FIG. 1 is a side sectional view of a motor direct coupling planetary roller reducer according to an embodiment of the present invention.

2 is a front view showing an AA cross section of FIG. 1. FIG.

FIG. 3 is a side view showing a bicycle to which the speed reducer of FIG. 1 is attached.

FIG. 4 is an enlarged plan view showing a BB cross section of FIG. 3;

FIG. 5 is a side view showing an outline of a conventional bicycle power mechanism.

FIG. 6 is a plan view of the power mechanism of the bicycle shown in FIG.

FIG. 7 is a front view showing an example of the torque detector in FIG.

8 is a plan view of the torque detector of FIG. 7. FIG.

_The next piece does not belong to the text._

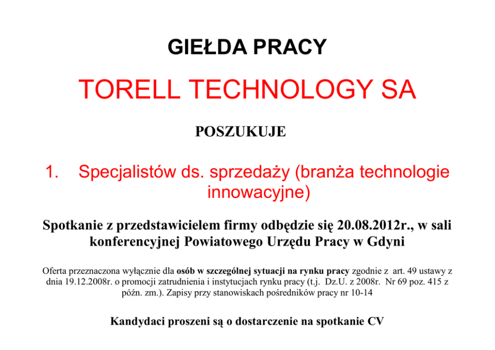 GIEŁDA PRACY TORELL TECHNOLOGY SA POSZUKUJE 1. Specjalistów ds. sprzedaży (branża technologie innowacyjne) Spotkanie z przedstawicielem firmy odbędzie się 20.08.2012r., w sali konferencyjnej Powiatowego Urzędu Pracy w Gdyni Oferta przeznaczona wyłącznie dla osób w szczególnej sytuacji na rynku pracy zgodnie z art. 49 ustawy z dnia 19.12.2008r. o promocji zatrudnienia i instytucjach rynku pracy (t.j. Dz.U. z 2008r. Nr 69 poz. 415 z późn. zm.). Zapisy przy stanowiskach pośredników pracy nr 10-14 Kandydaci proszeni są o dostarczenie na spotkanie CV Do udziału w pracach interwencyjnych uprawnieni są wyłącznie bezrobotni określeni w art. 49 ustawy z dnia 19.12.2008r. o promocji zatrudnienia i instytucjach rynku pracy (Tekst jednolity Dz.U. z 2008r. Nr 69 poz. 415 z późn. zm.) jako „osoby będące w szczególnie trudnej sytuacji na rynku pracy” i Rozporządzeniu Komisji (WE) Nr 800/2008 z dnia 6 sierpnia 2008r. uznające niektóre rodzaje pomocy za zgodne ze wspólnym rynkiem w zastosowaniu art. 87 i 88 tj.: bezrobotni do 25 roku życia (jeśli były bez (***)stałego zatrudnienia za wynagrodzeniem w okresie sześciu miesięcy), bezrobotnych długotrwale – rejestracja w Powiatowym Urzędzie Pracy łącznie ponad 12 miesięcy (albo po zakończeniu realizacji kontraktu socjalnego lub kobiet, które nie podjęły zatrudnienia po urodzeniu dziecka, jeśli były bez stałego zatrudnienia za wynagrodzeniem w okresie sześciu miesięcy), bezrobotni powyżej 50 roku życia, bezrobotni bez kwalifikacji zawodowych (wykształcenie podstawowe, bez ( np. prawa jazdy, i innych dyplomów zaświadczeń świadczących o zdobytych kwalifikacjach między innymi - książeczka spawacza) bez doświadczenia zawodowego lub bez wykształcenia średniego (jeśli były bez stałego zatrudnienia za wynagrodzeniem w okresie sześciu miesięcy), jest osoba dorosłą mieszkającą samotnie, mającą na utrzymaniu co najmniej jedną osobę- (dot. pomocy publicznej dla przedsiębiorców), natomiast bezrobotni samotnie wychowujący co najmniej jedno dziecko do 18 roku życia (dot. w przypadku pracodawcy, który nie podlega pomocy publicznej) bezrobotnych, którzy po odbyciu kary pozbawienia wolności nie podjęli zatrudnienia ( jeśli były bez (***)stałego zatrudnienia za wynagrodzeniem w okresie sześciu miesięcy), bezrobotni niepełnosprawni ( w przypadku pracodawcy, który nie podlega pomocy publicznej) w przypadku pracodawcy, który podlegania pomocy publicznej ( jeśli były bez stałego zatrudnienia za wynagrodzeniem w okresie sześciu miesięcy), jeśli były bez (***)stałego zatrudnienia za wynagrodzeniem w okresie sześciu miesięcy), ● pracuje w sektorze lub zawodzie w państwie członkowskim, w którym dysproporcja kobiet i mężczyzn jest co najmniej o 25% większa niż średnia dysproporcja we wszystkich sektorach gospodarki w tym państwie członkowskim i należy do tej grupy stanowiącej mniejszość; lub jeśli były bez (***)stałego zatrudnienia za wynagrodzeniem w okresie sześciu miesięcy), ● jest członkiem mniejszości etnicznej w państwie członkowskim, który w celu zwiększenia szans na uzyskanie do stałego zatrudnienia musi poprawić znajomość języka, uzupełnić szkolenia zawodowe lub zwiększyć doświadczenie zawodowe; (*) „pracownik znajdujący się w szczególnie niekorzystnej sytuacji” oznacza każdą osobę, która: - jest bez stałego zatrudnienia za wynagrodzeniem w okresie sześciu miesięcy; lub - nie ma wykształcenia ponadgimnazjalnego lub zawodowego; lub - jest wieku ponad 50 lat; lub - jest osoba dorosłą mieszkającą samotnie, mającą na utrzymaniu co najmniej jedną osobę; lub - pracuje w sektorze lub zawodzie w państwie członkowskim, w którym dysproporcja kobiet i mężczyzn jest co najmniej o 25% większa niż średnia dysproporcja we wszystkich sektorach gospodarki w tym państwie członkowskim i należy do tej grupy stanowiącej mniejszość; lub - jest członkiem mniejszości etnicznej w państwie członkowskim, który w celu zwiększenia szans na uzyskanie do stałego zatrudnienia musi poprawić znajomość języka, uzupełnić szkolenia zawodowe lub zwiększyć doświadczenie zawodowe; (**) „pracownik znajdujący się w bardzo niekorzystnej sytuacji” oznacza każdą osobę, która jest bezrobotna przez co najmniej 24 miesiące. (***) stałe zatrudnienie – jest to zatrudnienie na podstawie umowy o pracę.
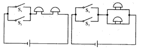 一个学校两个教学楼一个电源,每个楼各有一个开关,一个电铃,要求:闭合任何一个开关两个铃都响.怎样设计电路.

FIG. 9 is a side sectional view of a conventional motor direct coupling planetary gear reducer.

[Explanation of symbols]

 16 Bicycle with auxiliary power 17 Rear wheel 19 Torque sensor 30 Motor direct connection planetary roller speed reducer 31 Thin DC motor 32 Motor output shaft 32a Sun roller 33 Elastic ring or inner roller 34 Planetary roller 35 Planetary roller shaft 36 Planetary roller carrier 37 Output sprocket 38 Ball bearing 39 Chain 41 Reducer casing 41a Casing window 45 Driven sprocket 50 Bearing

 ─────────────────────────────────────────────────── ─── Continuation of the front page (72) Inventor Masahiro Sakai No. 1 Takamichi, Iwazuka-cho, Nakamura-ku, Nagoya-shi Mitsubishi Heavy Industries, Ltd. Nagoya Machinery Works

Claims (2)

[Claims] 1. A thin motor having a mounting flange portion on the outer periphery of a casing and a sun roller formed at the tip of an output shaft,
Attached to the flange portion of the motor, the output shaft of the motor is supported by a small-diameter cylindrical portion on the inner side through a bearing, and a window for inserting an output chain is bored on a large-diameter cylindrical body portion on the outer side. A reducer casing in which an elastic ring or an inner roller is fitted concentrically with the motor shaft on the inner circumference of the end face of the body, and a plurality of planets circumscribing the sun roller at the tip of the motor output shaft and inscribed in the elastic ring or the inner roller. A roller, a planetary roller shaft that rotatably supports these planetary rollers, and a roller shaft that fixes and supports the roller shaft and is rotatably supported via a bearing on a small-diameter cylindrical portion inside the speed reducer casing to configure the output of the speed reducer. A planetary roller carrier, and an output sprocket wheel mounted on the planetary roller carrier. A bearing directly attached to the motor is arranged inside the output sprocket wheel disposed between the sun roller and the motor, and the bearing directly receives the pulling force of the chain applied to the output sprocket. Decelerator. 2. A bicycle having an auxiliary power mechanism, wherein the output sprocket of the planetary roller reducer directly coupled to the motor according to claim 1 is connected to a driven sprocket mounted on a rear wheel shaft via a chain.